W illiam paced the length of his bedchamber in Albemarle Park, the soles of his boots muted by the thick Persian rug. The silence—it made him deaf. Even the servants had tiptoed around him since his arrival last week. Coming here had been pointless. Instead of soothing him, the absence of music only deepened the pain.

If the sprite had respected his grief under his mother’s roof, she now returned with cruel insistence, haunting his sleep without mercy.

He glanced from the tin of sleeping pills to the vast four-poster bed. His hand trembled. Take the damn pill. Take it. Control yourself.

The former dukes of Albemarle stared down at him from their lofty perches on the wall. Across the chamber, the portrait of his father gazed down with somber expectation—the embodiment of honor and restraint, a man who had served his country with stoic distinction. His great-great-grandfather must be rolling in his grave. That man had risked his head to restore King Charles II to the throne. And here was William, paralyzed before a pill.

He pressed his fingers to his temples. What right had his mother to ask him to forsake Helene? He hadn’t accepted her choice, and she’d died denying his. How fitting. How utterly pointless. If he’d had more time, perhaps he could have convinced her—could have explained that Helene—Who was he fooling?

It wasn’t about Helene. It was about him. About the part of him that always craved what he could never have. Even now, with his mother newly buried, he battled the urge to return to her.

To Helene.

His mother had asked for one thing only: that he honor the family name. That he protect his father’s legacy. He couldn’t stain the Albemarle name. Not with this. What right had he to blacken a wall lined with trophies?

William hastened his steps. If he could pace fast enough, he might outrun the urge to return to Helene.

Unable to breathe, he threw open the shutters. A shaft of moonlight penetrated the room, painting his hand in a bluish hue. His skin tingled at the memory of Helene’s touch. The ghostly sensation haunted his fingertips, his arms, the curve of his neck—places her hands had once roamed. Pain bloomed in his heart, sweet, all-powerful.

The cursed moon was to blame, igniting this—this endless ache. If only he could sleep it off.

He grabbed the tin, staring at the sickly white pills. Take it, damn you. Stop the dreams. Cut this passion from your flesh. But his vision swam, and the pills blurred into slithering worms. His heart thundered, a knot tightening in his gut. Why couldn’t he do it? Images of Helene flooded his mind—her playful defiance, the sound she made when she slept, the fathomless depths of her eyes when she danced for him.

William let out a bitter laugh—the wealthiest man in the country couldn’t afford the luxury of a dream.
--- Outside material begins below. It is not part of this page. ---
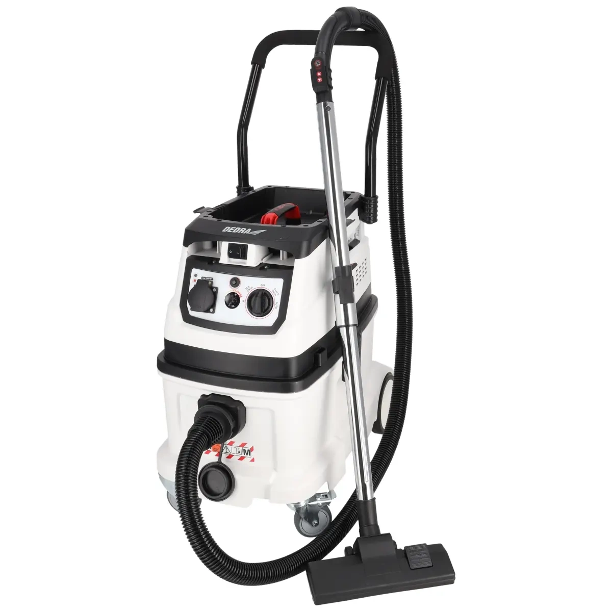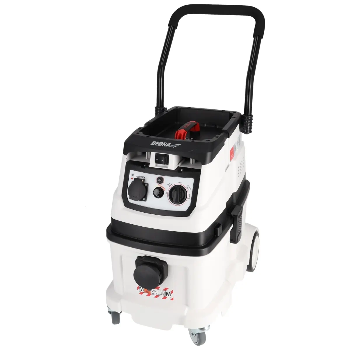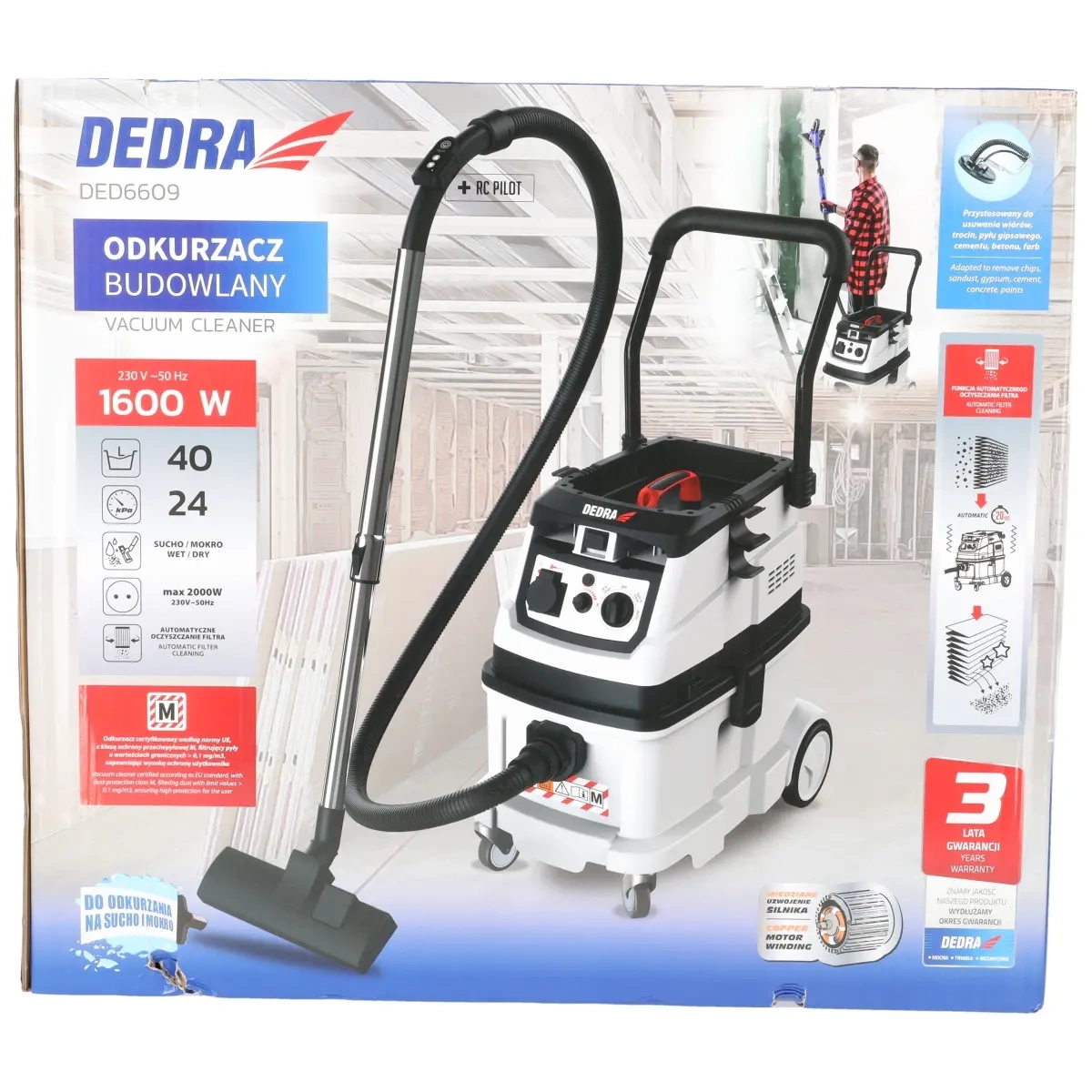 Silnik o mocy 1600 W zapewnia wysoką wydajność i trwałość, z kolei regulacja siły ssania umożliwia dostosowanie pracy urządzenia do aktualnych potrzeb. Odkurzacz DED6609 wyposażono także w gniazdo do podłączenia elektronarzędzi o mocy do 2000 W, co ułatwia synchronizację pracy urządzeń. Solidna konstrukcja, duże koła i ergonomiczna rączka ułatwiają transport i przemieszczanie odkurzacza na placu budowy.
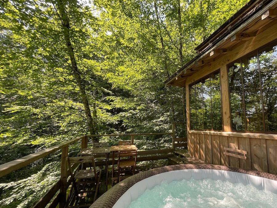 Insolite 6 personnes - Cabane perchée familiale avec jacuzzi dans les bois 1/6 pers

His legs carried him in a frenzy around the room. As the hearth’s light faded, the portraits changed—no longer noble, only accusing.

He stopped, panting, the walls spinning around him. His ancestors glared down, unmoved.

“Enough!”

They could have their legacy, but not his thoughts. No one could steal his dreams. In his dreams, Helene was his, and damn them all.

With a roar, he hurled the tin at the wall.

Spent, he collapsed into bed. The silk sheets were a poor substitute for Helene’s homespun covers.

Chest hollow, he shut his eyes and begged sleep to come.

Please come, Little One. I’m tired of being alone.